RECORDED DATA Start Marker
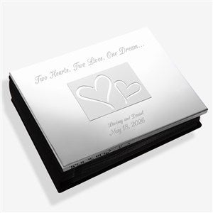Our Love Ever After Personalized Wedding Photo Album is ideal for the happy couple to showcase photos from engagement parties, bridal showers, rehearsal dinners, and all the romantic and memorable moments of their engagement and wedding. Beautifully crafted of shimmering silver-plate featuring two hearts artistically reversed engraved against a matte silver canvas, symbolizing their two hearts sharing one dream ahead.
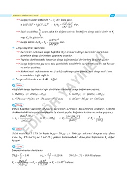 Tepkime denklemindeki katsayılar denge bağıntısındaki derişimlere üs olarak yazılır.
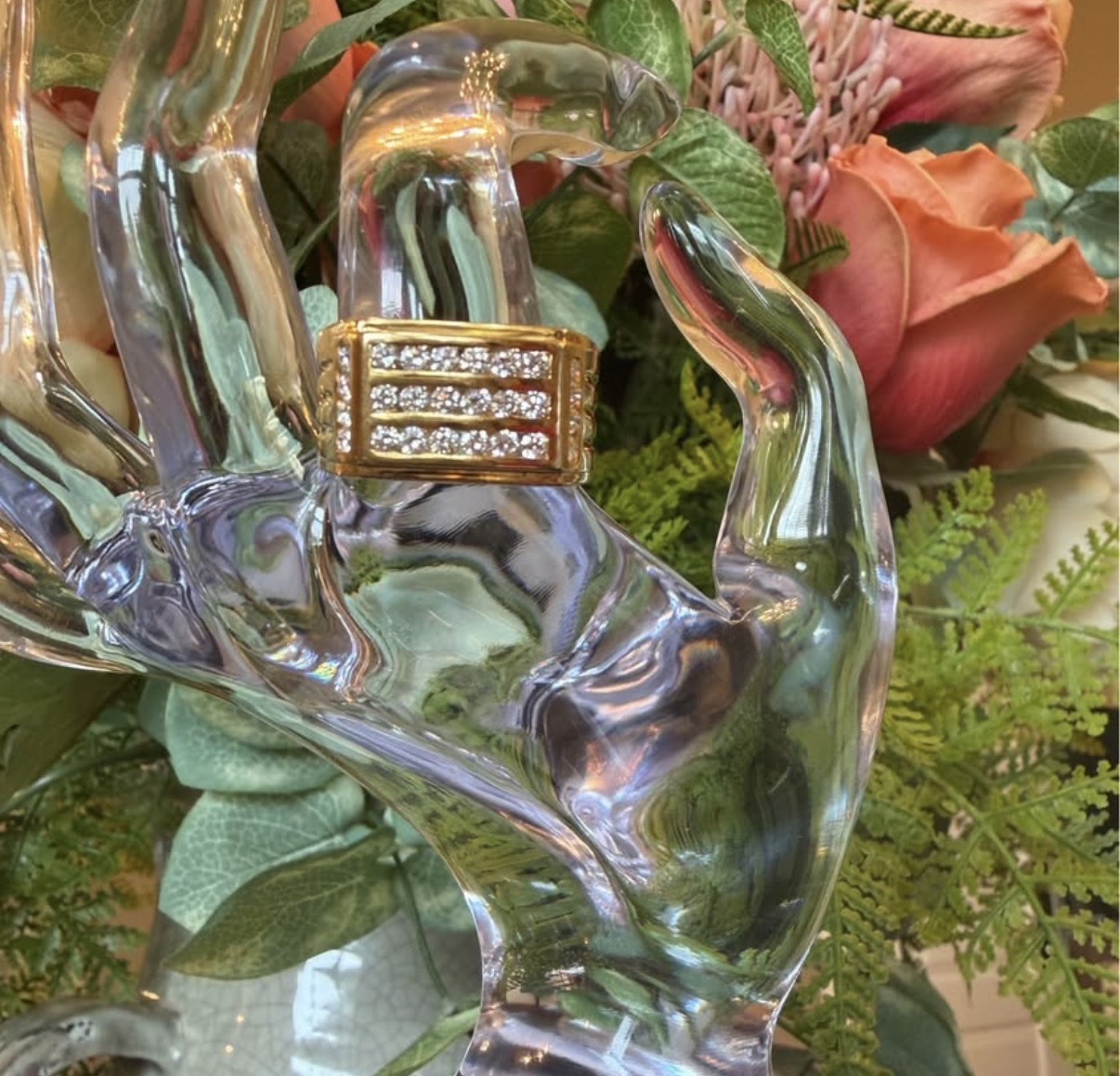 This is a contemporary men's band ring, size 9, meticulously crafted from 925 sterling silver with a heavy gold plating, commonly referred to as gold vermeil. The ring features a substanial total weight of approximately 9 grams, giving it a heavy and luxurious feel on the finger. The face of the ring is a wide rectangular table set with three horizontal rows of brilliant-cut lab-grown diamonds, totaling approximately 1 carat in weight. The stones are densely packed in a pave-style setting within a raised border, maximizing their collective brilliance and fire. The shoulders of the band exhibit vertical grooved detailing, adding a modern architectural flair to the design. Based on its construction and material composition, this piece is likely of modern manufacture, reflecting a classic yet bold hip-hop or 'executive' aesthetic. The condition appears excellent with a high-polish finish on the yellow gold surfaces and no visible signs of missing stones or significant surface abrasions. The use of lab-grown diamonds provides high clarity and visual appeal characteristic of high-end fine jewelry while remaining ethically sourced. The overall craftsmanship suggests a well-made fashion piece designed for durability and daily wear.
RECORDED DATA End Marker
◆ EXERCISE REQUIREMENTS: Leaving every picture out, output the data exactly as it stands.

◆ OUTPUT:
Our Love Ever After Personalized Wedding Photo Album is ideal for the happy couple to showcase photos from engagement parties, bridal showers, rehearsal dinners, and all the romantic and memorable moments of their engagement and wedding. Beautifully crafted of shimmering silver-plate featuring two hearts artistically reversed engraved against a matte silver canvas, symbolizing their two hearts sharing one dream ahead.
 Tepkime denklemindeki katsayılar denge bağıntısındaki derişimlere üs olarak yazılır.
 This is a contemporary men's band ring, size 9, meticulously crafted from 925 sterling silver with a heavy gold plating, commonly referred to as gold vermeil. The ring features a substanial total weight of approximately 9 grams, giving it a heavy and luxurious feel on the finger. The face of the ring is a wide rectangular table set with three horizontal rows of brilliant-cut lab-grown diamonds, totaling approximately 1 carat in weight. The stones are densely packed in a pave-style setting within a raised border, maximizing their collective brilliance and fire. The shoulders of the band exhibit vertical grooved detailing, adding a modern architectural flair to the design. Based on its construction and material composition, this piece is likely of modern manufacture, reflecting a classic yet bold hip-hop or 'executive' aesthetic. The condition appears excellent with a high-polish finish on the yellow gold surfaces and no visible signs of missing stones or significant surface abrasions. The use of lab-grown diamonds provides high clarity and visual appeal characteristic of high-end fine jewelry while remaining ethically sourced. The overall craftsmanship suggests a well-made fashion piece designed for durability and daily wear.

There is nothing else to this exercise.